Our data are in line with a recent experimental study demonstrating that an anti-INFγ approach, performed using a no azide/low endotoxin (NA/LE)-produced mouse anti-human IFNγ mAb, abrogates macrophage activation in an in vitro model of CRS35. However, in the study of Bailey et al.35, the impact of IFNγ neutralization on severe systemic CRS, BBB damage or secondary HLH was not investigated in vivo. The potential importance of INFγ neutralization in management of CAR-T cell toxicities is supported by a recently published case report of a patient treated with emapalumab for life-threatening grade 4 CRS and neurotoxicity refractory to tocilizumab36. Emapalumab (administered at the dosage of 1 mg/kg) was infused on day 9 after numerous interventions, including repeated doses of tocilizumab, corticosteroids and siltuximab. Although it is not possible to attribute definitive causality to any particular intervention, patient fully recovered from CRS at day +18, and 1 week later from neurotoxicity. Notably, this patient maintained clinical remission and sustained B-cell aplasia for 12 months after CAR-T cell infusion, this observation corroborating our experimental observation that INFγ neutralization does not interfere with CAR-T cell efficacy.
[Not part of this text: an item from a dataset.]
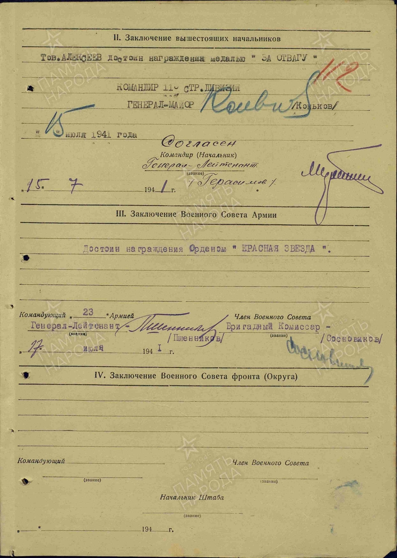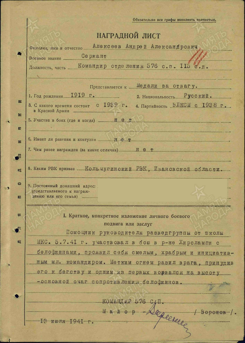 02) Помощник командира 3 стрелкового взвода, сержант Алексеев Андрей Александрович 1919 г.р. Призван: Кольчугинский РВК, Владимирская обл., Кольчугинский р-н. Уроженец: Ивановская обл., Кольчугинский р-н, Богородский с/с. Отец: Алексеев Александр Васильевич. Письменная связь прекратилась в октябре 1941 года. По спискам Кольчугинского РВК считается пропавшим без вести. Награждён.

In summary, in a simplified but comprehensive humanized model of CRS that overcomes the experimental limitations of previously reported CRS models, our study provides, for the first time, consistent evidence that emapalumab is a promising drug able to contain the CAR-T cell inflammatory cascade associated with high-grade CRS, MAS/HLH and brain injury, while sparing antitumor activity.
Methods
Research compliances
All mouse experimental procedures were approved by the Guidelines for Animal Care and Use of the National Institutes of Health (Ethical Committee for animal experimentation Prot. N 088/2016-PR). We have included the in vivo monitoring of the tumor growth by the use of IVIS Imaging system. As per the protocol, the maximum allowed bioluminescence was set to 1011 p/s/cm2/sr.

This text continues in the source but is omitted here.